3. ML classification algorithm was applied to the 2012 LBAPC data to produce LULC classification result with coniferous forest, broadleaf forest, mixed forest, agriculture, grassland, shrubland, exposed land/cutblock/harvested land, and water classes.
4. LULC classification result with developed areas, mixed developed areas, and transitional bare surface classes were produced from the 2012 LBAPC data by dividing the CEM partial unmixing result by the SAM partial unmixing result, followed by the K-Means clustering. Post classification techniques (i.e., majority/minority filter, clump, and sieve) were applied on each of these classes to refine the result and to minimize false detections.

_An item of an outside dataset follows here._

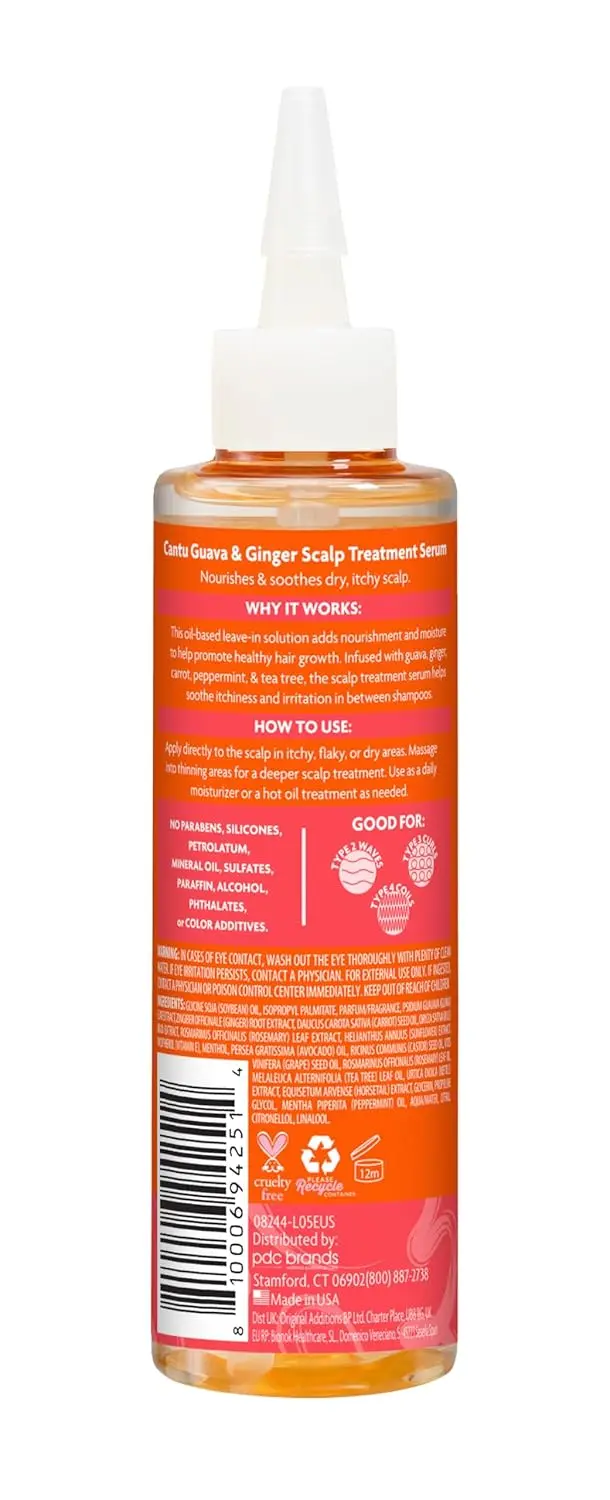 Cantu Guava Ginger Scalp Serum is your revitalizing solution for a healthy, nourished scalp and thriving hair. This lightweight, non-greasy serum is infused with the invigorating power of guava and ginger to stimulate circulation and promote hair growth. Our unique formula is carefully crafted without harsh chemicals, ensuring a gentle yet effective treatment for all hair types. Say goodbye to dry, itchy scalp and hello to stronger, healthier, and more vibrant hair. Experience the difference of a clean, natural, and effective scalp serum with Cantu. This serum soothes and invigorates the scalp, creating an optimal environment for hair growth. Enjoy the natural fragrance and the refreshing sensation as you massage this serum into your scalp. Cantu Guava Ginger Scalp Serum is your daily dose of scalp wellness, leaving your hair feeling refreshed and revitalized. Free of parabens, phthalates, sulfates, mineral oil, and alcohol. A clean formula for a healthy scalp and healthy hair. Give your hair the boost it needs and deserves.

5. A fused classification result was produced by combining LULC classification results from step 3 and 4. A buffer with 90 m was applied on the stream channel datasets from Alberta Energy Regulator (AER) and Alberta Merged Wetland Inventory (AMWI) to track yearly changes associated with landslide activities and the appearance or disappearance of sandbars due to water level fluctuation. This buffer zone is assigned to a separate class called shoal.
6. Accuracy assessment for the fused classification result was performed with validation data (derived from the ground-reference data in step 2) that include developed areas, mixed developed areas, coniferous forest, broadleaf forest, shrub/grass, and agriculture classes. Transient LULC types with mixed forest, exposed land/cutblocks/harvested areas, transitional bare surfaces, and shoal were not used for validation since ground reference data for these classes were not realistic.